Angela and Lovie started vacationing on the island annually after their first visit in 1988. “When the plane door opened, the wind engulfed me, the sun kissed me and the water said, ‘come here,’” she says. Like most of the members, they eventually gave up the mainland completely because Maui proved too tempting to resist year round.
Their presence brings a lot of soul to an island with an African-American population of less than one percent. The foundation coordinates a host of afro-centric activities, including a parade to commemorate Martin Luther King, Jr.’s birthday on the third Saturday in January. The event draws about 3,000 residents of all races and ethnicities.
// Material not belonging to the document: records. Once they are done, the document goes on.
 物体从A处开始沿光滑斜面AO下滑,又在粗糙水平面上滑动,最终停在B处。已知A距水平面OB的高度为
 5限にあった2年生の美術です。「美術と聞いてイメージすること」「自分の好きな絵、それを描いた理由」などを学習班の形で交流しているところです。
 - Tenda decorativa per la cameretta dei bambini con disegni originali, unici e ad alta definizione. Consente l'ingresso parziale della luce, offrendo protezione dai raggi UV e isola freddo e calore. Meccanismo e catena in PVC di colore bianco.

Each February, Angela takes two black history exhibits she created to the libraries of high schools to ensure local young people are educated about how African Americans have contributed to this country. The foundation also awards scholarships, holds a Kwanza celebration and serves as a general resource for African Americans in Maui.
“As far as black people on the island, we come from many different backgrounds, many different economic levels and many different mind sets,” she says. “And if you just let it be known that you’re in need, we pitch in and help.”
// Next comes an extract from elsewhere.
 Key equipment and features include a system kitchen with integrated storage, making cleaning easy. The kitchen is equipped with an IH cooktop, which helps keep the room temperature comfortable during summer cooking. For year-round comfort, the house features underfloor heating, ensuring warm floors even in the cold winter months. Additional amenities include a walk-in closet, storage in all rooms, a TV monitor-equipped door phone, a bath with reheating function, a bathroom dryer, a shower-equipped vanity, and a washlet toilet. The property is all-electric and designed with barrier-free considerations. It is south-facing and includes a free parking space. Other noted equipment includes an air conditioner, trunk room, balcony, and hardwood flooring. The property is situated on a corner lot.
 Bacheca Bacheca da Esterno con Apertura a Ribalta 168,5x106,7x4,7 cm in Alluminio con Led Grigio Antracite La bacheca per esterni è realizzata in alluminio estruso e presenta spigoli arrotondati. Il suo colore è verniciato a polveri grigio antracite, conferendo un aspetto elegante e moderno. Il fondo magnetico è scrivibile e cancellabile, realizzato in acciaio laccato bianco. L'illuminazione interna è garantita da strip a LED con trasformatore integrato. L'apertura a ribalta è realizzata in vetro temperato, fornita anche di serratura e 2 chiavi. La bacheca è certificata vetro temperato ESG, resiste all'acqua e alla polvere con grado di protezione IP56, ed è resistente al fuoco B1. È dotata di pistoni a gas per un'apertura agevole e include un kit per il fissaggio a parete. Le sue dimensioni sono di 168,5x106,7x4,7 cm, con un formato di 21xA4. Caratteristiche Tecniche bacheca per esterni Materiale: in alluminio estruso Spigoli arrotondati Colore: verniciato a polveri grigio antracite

The foundation has 22 members, including individuals who pay dues even though they split their time between Maui and the mainland. “It’s the weather. It’s the people. It’s the food,” says Rev. Andrew Valentine about why most of the foundation members relocated permanently to Maui. After five minutes of exchanging family history, we realized that we’re not related. “There are a lot of people of color here, but we don’t always see each other.”
At “Da Kitchen,” the seven members present talk about Maui as only locals can. You gotta taste the pancakes at the Four Seasons. Buy souvenirs at the University of Hawaii, Maui College swap meet on Saturday mornings (look for Alfred Thomas, a brother, who sells incense). Check out the Martin Luther King, Jr. statue in Wailuku in front of the county building.
After lunch, Love insists on taking us to visit the Lava Fields, created by the last volcanic eruption on Maui around 1790. He, Angela, Surlene and I hop into our rental car and drive south into Wailea, the Beverly Hills of Maui. We pass swanky hotels and multi-million dollar mansions before following a long narrow unpaved road into an expanse of rocky, rugged black-as-coal land. The drive seems unending, and eventually Angela says from the backseat “Stop here.” We look at her quizzically. “You will just go for miles and miles, and the terrain will be the same,” she explains.
Outside the car, it’s eerily quiet as a gentle breeze stirs the hot and dry air. We walk along the desolate field and marvel at ebony-colored volcanic rock as far as the eye can see.
This, too, is Maui. Its diverse eco-system ranges from a tropical rain forest to the jagged landscape of a lava field. And we would not have experienced the full scope of the island’s offerings without this off-the-beaten track side trip, courtesy of the Smiths of Maui.